Comments : Headspace

  • 3 weeks ago

    by Rania Moallem

    I wish I can nominate this at this moment, I hope it survives till Monday.

    I thought this was my favorite verse:

    I was there
    but there was no space
    for me;

    you were foreign.

    ^^
    but then you kept going deeper and deeper. One of my favorites by you. Amazing wording!

    • 3 weeks ago

      by Star

      Yay thank you ^_^

  • 3 weeks ago

    by hiraeth

    !!!!!

    • 3 weeks ago

      by Star

      O_O

  • 3 weeks ago

    by hiraeth

    "You were holding hands with fear,
    like she was a lover."

    This is such an amazing opening, you start the poem framing it with an intimate relationship with fear; showing that it's something common to them, something they've come to know really well.

    "Like you found
    comfort in the way she fixed
    her eyes on you."

    You build on it, what really stood out to me was the 'she fixes/her eyes on you', while there's a tinge of it sounding romantic, it also frames it as fear being a predator (which you later build on) but it's a really engaging and well written opening stanza.

    "Some nights I saw the monster
    right around the corner."

    This builds on building the fear into a monster; it's a strong visual that can resonate well with everyone, especiall with night being commonly associated with monsters.

    "You never closed your eyes
    not even flinch,
    your amygdala triggered
    no sorrow."

    I think 'not even flinch' -> should be 'not once flinching' since it flows a little bit better. The ending verses are really strong. The amygdala is heavily involved with experiencing emotions, and them not even feeling sorrow or any sort of discomfort when coming face to face with the monster is interesting.

    "No distress
    knew its way around
    your dim vessels."

    I like the idea of this stanza, but I think it can be reworked a little bit better maybe 'distress/never found its way/around your dim vessels' or something like that. The way its currently worded seems a bit off; the second and third verses seem apt had you said distress known its way, but since you're saying no distress knew it's way, you should focus on wording it like distress fumbled to find its way/getting lost or even saying your dim vessels never housed distress or something along those lines.

    "I was there
    but there was no space
    for me;

    you were foreign."

    This is easily my favouite stanza; you frame the person as something completely unknown to you, a foreign body but pairing it with the concept that the amygdala has no room for you, that they never experienced you, is just beautiful and striking.

    "This time
    I did not yield to the cold,
    I knew your thoughts
    don't belong
    to this place."

    What stood out to me was 'your thoughts' ties in with the concept of the person being a foriegn body that the body itself is trying to fight off, it's interesting and this stanza is well written.

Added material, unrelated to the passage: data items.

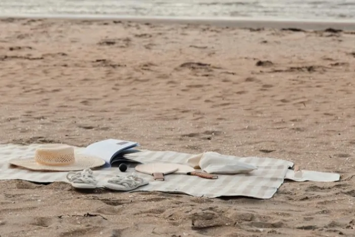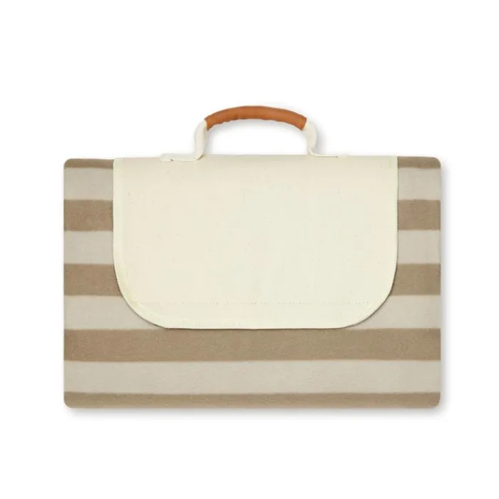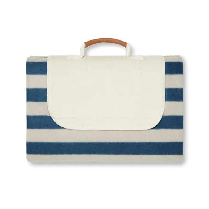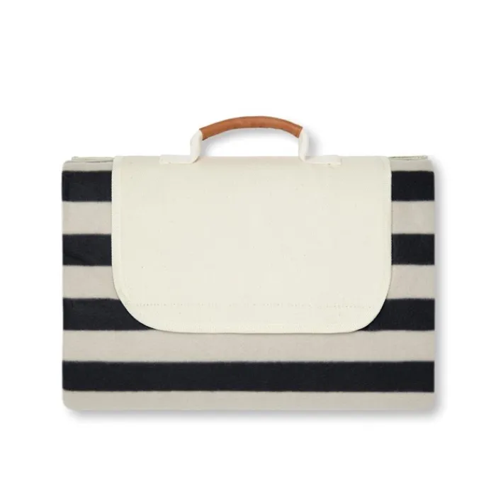 Coperta picnic con design a righe, realizzata in morbido pile con tela di cotone e dettagli in ecopelle. Il pile è realizzato con RPET certificato 100% GRS. La certificazione GRS garantisce una filiera completamente certificata dei materiali riciclati. La parte posteriore è realizzata in PEVA idrorepellente. Il design intelligente la rende facile da ripiegare e portare con voi. Contenuto totale riciclato: 58% in base al peso totale dell’articolo.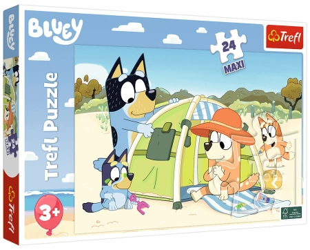 Bajkę o przygodach niebieskiej suczki Bluey zna każde dziecko. Bluey mieszka w domu z mamą, tatą oraz młodszą siostrą Bingo. Codziennie uczy się nowych rzeczy, przeżywa nowe perypetie. Puzzle maxi od firmy Trefl z motywem Bluey to doskonały pomysł na prezent dla małego wielbiciela psich bohaterek. Puzzle rozwijają wyobraźnię, ćwiczą koncentrację oraz małe dziecięce rączki. Puzzle są przeznaczone dla dzieci od 3 roku życia. Wysoka jakość wykonania układanki sprawi, że twoje dziecko długo będzie cieszyć się czasem spędzonym nad puzzlami. Puzzle maxi Bluey są duże, dzięki czemu łatwo je ułożyć. Po ułożeniu tworzą obrazek o wymiarach 60 x 40 cm. Do produkcji puzzli użyto materiałów pochodzących z recyklingu oraz nadających się do ponownego przetworzenia. Opakowanie zawiera 24 puzzle.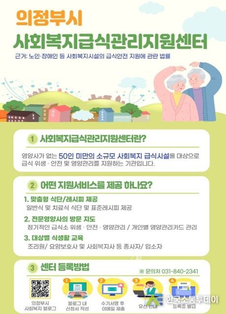 이번 센터 개소는 노인·장애인 등 취약계층에 대한 단체급식의 관리 지원을 위한 ‘노인·장애인 등 사회복지시설의 급식안전 지원에 관한 법률(사회복지시설급식법)’ 시행에 따른 것으로, 의정부시 어린이급식관리지원센터에서 통합 운영한다.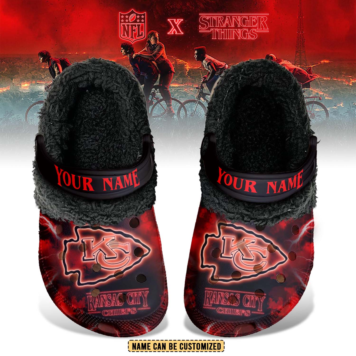 Merchidea Kansas City Chiefs x Stranger Things Crocs Crocband Fleece Lined Clogs Shoes Comfortable For Men Women and Kids In Winter

    "The sun doesn’t rise here
    and with every silhouette
    passing me,
    shivers hold my body
    hostage."

    This can also be one of my favourite stanzas, it reads a bit forlorn and starts to wrap everything up neatly

    "But,

    your sky
    was always
    full of stars."

    This is a beautiful ending, it screams a bit of hesitation to me (the person noting their sky was full of star meaning they found some beauty in them, in spite of trying to ward them off). Seriously well-done, it's a bit of a change from your other poems and I've really enjoyed this. I will aim to beat Rania in nominating this on Monday :D

  • 3 weeks ago

    by M. Rene'

    The first stanza, oh that cut me. Fantastic piece, thank you for sharing. Maybe when I get back in the rhythm of things here, I'll come back with a proper comment.